# Traeger/Bradley Cold Smoked Cheese



## BGKYSmoker (May 22, 2011)

So i have a Traeger Lil'Tex and a Bradley that are transgender.

Lil'Tex dont know if it want to be a pellet pooper or cold smoker.

Bradley dont know if it wants to burn wood pucks or receive cold smoke from pellets.

Oh well be happy and be both how ya was made 
	

	
	
		
		



		
			






Maple pellets.







Cold smoke being delivered via my transgender system.







The victims. 4 blocks of x-sharp


----------



## beer-b-q (May 22, 2011)

Nepas,  seems like you been on a cheese roll lately ...

Looks like that is gonna be some good cheese...


----------



## Bearcarver (May 22, 2011)

Yeah, I noticed that too, a lot of easy-to-smoke cheese lately.
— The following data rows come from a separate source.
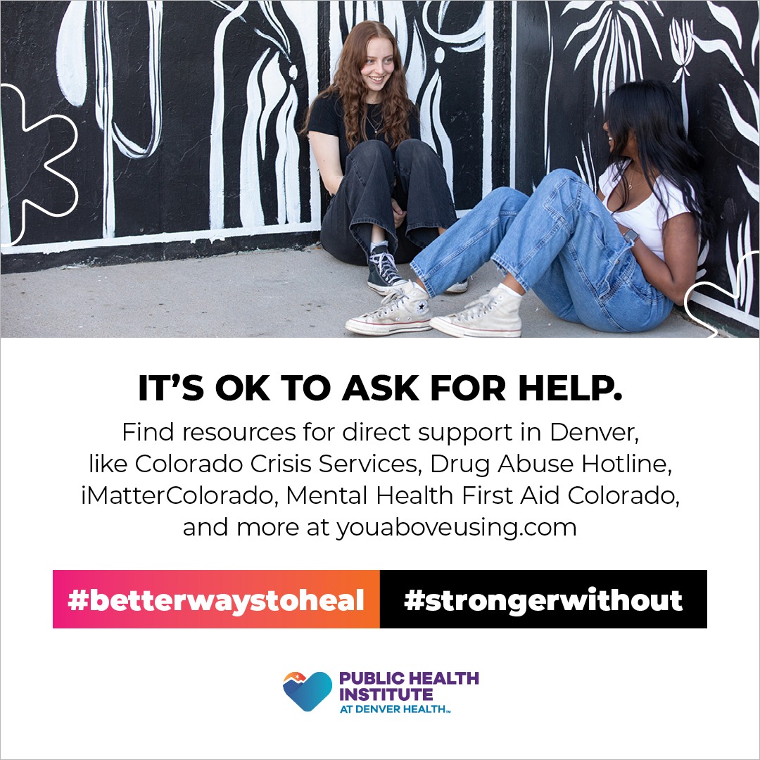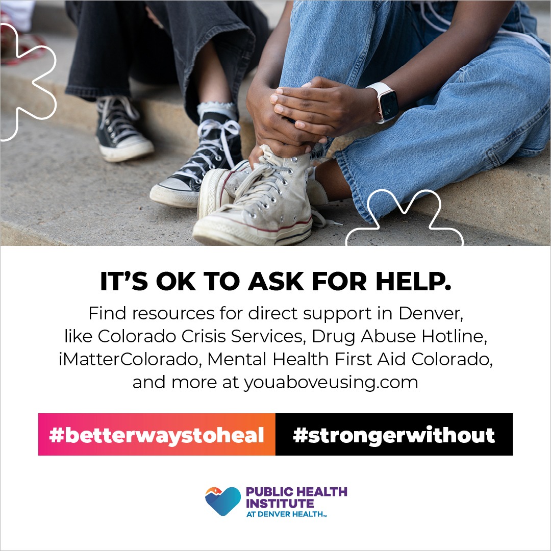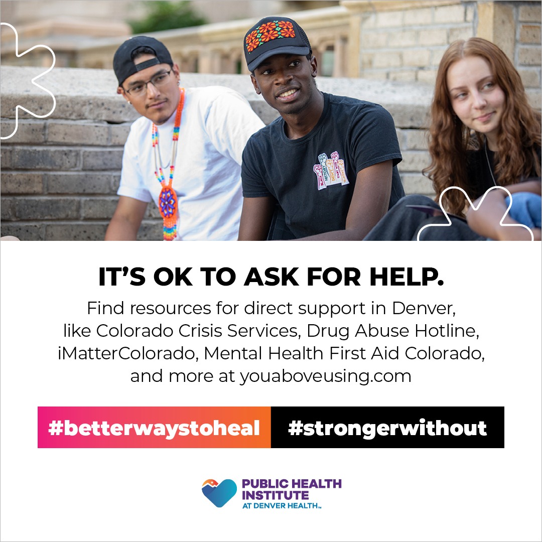 It’s ok to ask for help. That’s why we’ve gathered resources for you to find direct support in Denver, like Colorado Crisis Services, Drug Abuse Hotline, iMatterColorado, Mental Health First Aid Colorado, and more. Remember, there are #betterwaystoheal by putting you above using. Learn more on our website – link in bio! #strongerwithout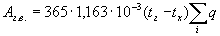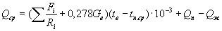 где Q(tнср) - тепловая нагрузка, рассчитанная по выражениям (12, 13, 14) при средней наружной температуре tнср и расчетных параметрах внутреннего воздуха. 2.45. Величина Кв определяется технологией и организацией производства в различных помещениях с периодической вентиляцией и может оказаться в широких пределах. Ориентировочные значения составляют: для доильных и молочных отделений - 1/3, ветсанпропускников - 1/8, помещений ветеринарного назначения и пунктов искусственного осеменения - 1/24. 2.46. Годовой расход теплоты на нагрев воды определяется по выражению: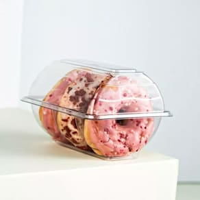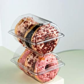 Embalagem plástica Galvanotek modelo G23, com capacidade de 900 ml, ideal para acomodar até 3 donuts com segurança e excelente apresentação. Produzida em material resistente e transparente, valoriza o produto no ponto de venda, facilita o transporte e ajuda a manter a higiene e a integridade dos alimentos. Embalagem prática para confeitarias, padarias, cafeterias e serviços de delivery. Pacote com 150 unidades.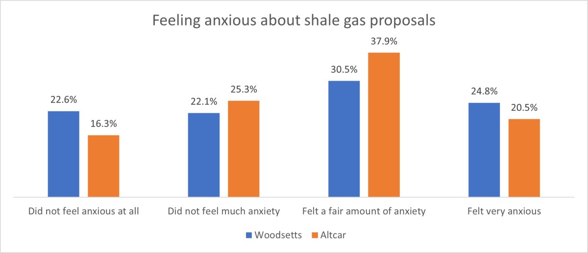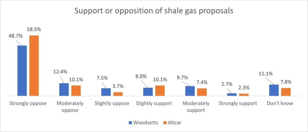 *The surveys were carried out in spring 2020 in Altcar and summer 2021 in Woodsetts with a representative sample of 217 residents around Altcar and 226 around Woodsetts. The study were part of a research programme on unconventional hydrocarbons in the UK funded by two government funding councils. Charts in this post are based on data from the study.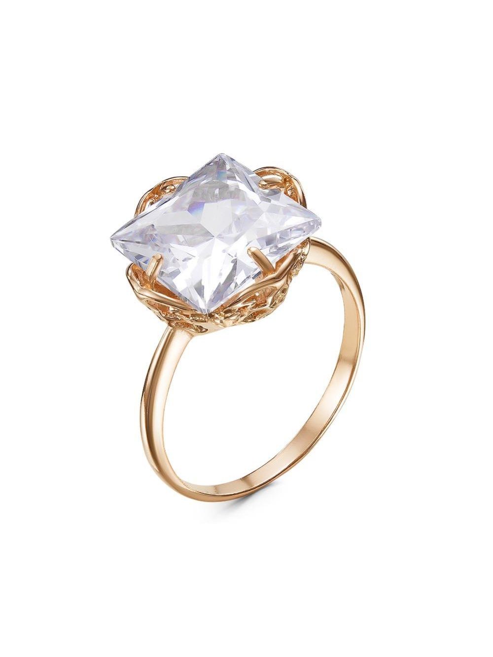 Кольцо бижутерия, покрытие - золочение, вставка - фианит (недрагоценный камень)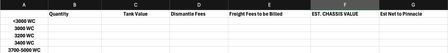 In columns B should calculate Quantity for each type of tanks from Column A (from main Excel sheet) and columns C D E F G in Summary sheet should pull data from MasterTank list sheet columns - F H I K L, also column K should calculate value based on Tank size Quantities $1000 for Less than 3000 WC and $1500 for rest all Tanks types.(if Less than 3000 WC tanks are 20 types so K column value for this tank type should be $30000 and so on for rest columns.)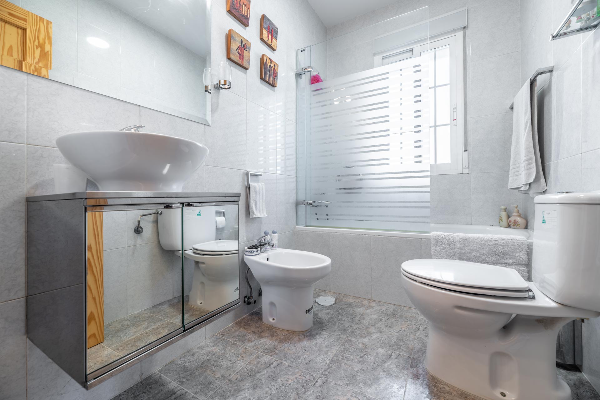 Un aseo de cortesía, un baño, así como 3 dormitorios, uno de ellos (el principal) con otro baño en suite, completan la planta principal de la vivienda. Todas las ventanas cuentan con DOBLE ventana tipo climalit, así como contraventanas de seguridad tipo «mallorquina».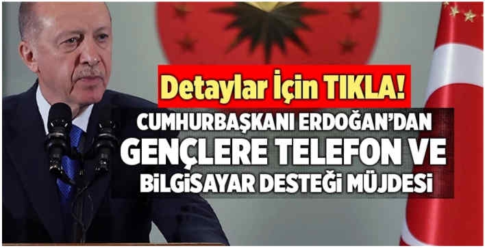 Cumhurbaşkanı Erdoğan, "Örgün eğitimdeki üniversiteli gençlerimize vaadimiz olan cep telefonu ve bilgisayar desteğini hayata geçiriyoruz. Üniversiteli gençlerimize piyasa satış fiyatı 9 bin 500 lirayı geçmeyen cep telefonu ve bilgisayarlar için toplamda 5 bin 500 liraya kadar teknolojik cihaz desteği vereceğiz." dedi.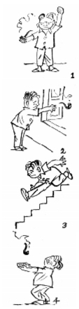 “1962年的四格漫画《决心》。第一格下决心一定要戒烟;第二格付诸行动把烟斗从窗户扔出去了;第三格片刻之间后悔顺着楼梯往下跑;第四格稳稳接住掉下来的烟斗,可见跑得有多快。标题是反语,根本没决心。画的也不是什么大事,但指出了缺点。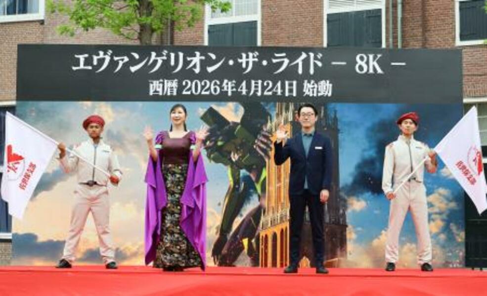 エヴァンゲリオンの新アトラクションの記念式典に登壇したハウステンボスの高村耕太郎社長(中央右)と高橋洋子さん(同左)=22日午後、長崎県佐世保市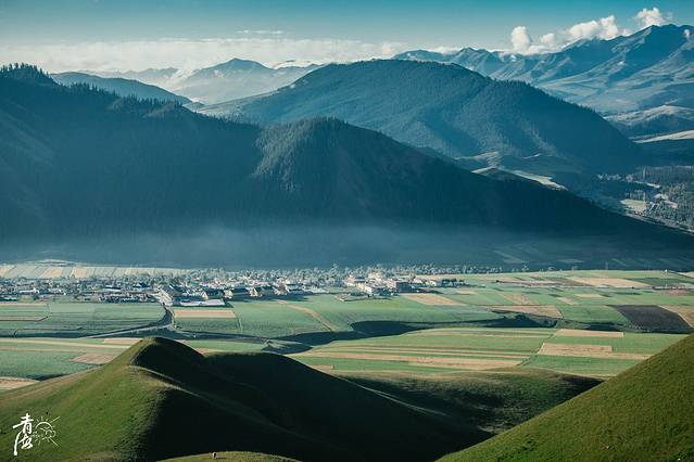 抛开景区的管理不说,本嘟觉得卓尔山丰富立体的景致已经值回票价,有高峰有缓坡,穿插着山间的云海,成片的山脊就像大地穿上了一件西域风格薄纱随风起皱,远方森林与草甸齐飞,山谷中的晨雾里点缀着稀稀落落的小屋,这边有丹霞山壁的苍凉,转过头又看见那边草坡上悠闲吃草的毛牛,啊,让我忍不住引吭高歌一曲:(被捂嘴)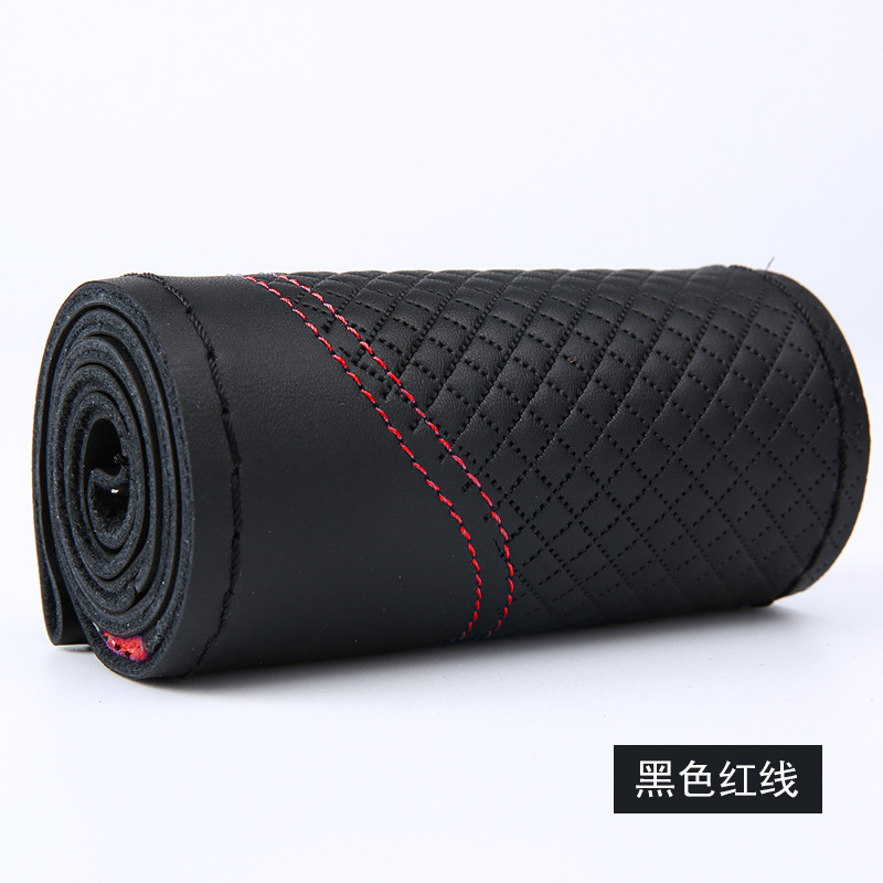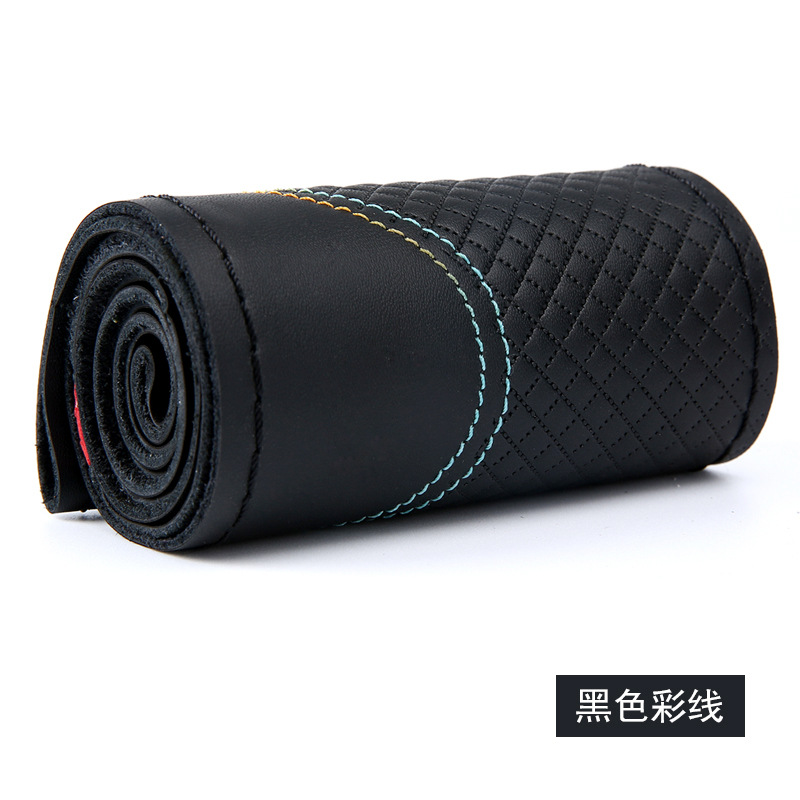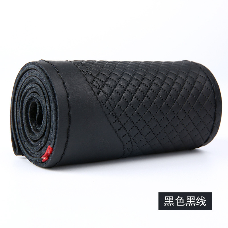 탑 레이어 소가죽 엠보싱 더블 라인 핸드 스티치 핸들 커버 사계절 유니버설 가죽 자동차 핸들 커버 #1125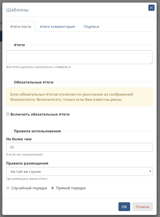 В шаблонах можно настроить автоматическое добавление подписи, а также тегов к постам и комментариям. Вы сами выбираете доступные теги, указав правила их использования.

Did the other two NEPAS triplets quit-----The two that do all the work???  
	

	
	
		
		



		
		
	


	





Bear


----------



## fpnmf (May 22, 2011)

Cool!!

  Craig


----------



## BGKYSmoker (May 22, 2011)

Bearcarver said:


> Yeah, I noticed that too, a lot of easy-to-smoke cheese lately.
> 
> Did the other two NEPAS triplets quit-----The two that do all the work???
> 
> ...


Just taking it easy some. Gots a week worth of smoking to do the week of june 25


----------



## scarbelly (May 22, 2011)

Lookig good man. I love the cold smoked cheese a lot So many things you can do with it


----------



## fife (May 22, 2011)




----------



## SmokinAl (May 22, 2011)

I'm sure it will be cheese sausage next week.


----------



## BGKYSmoker (May 23, 2011)

Going to the cheese fridge now for some nappy time.


----------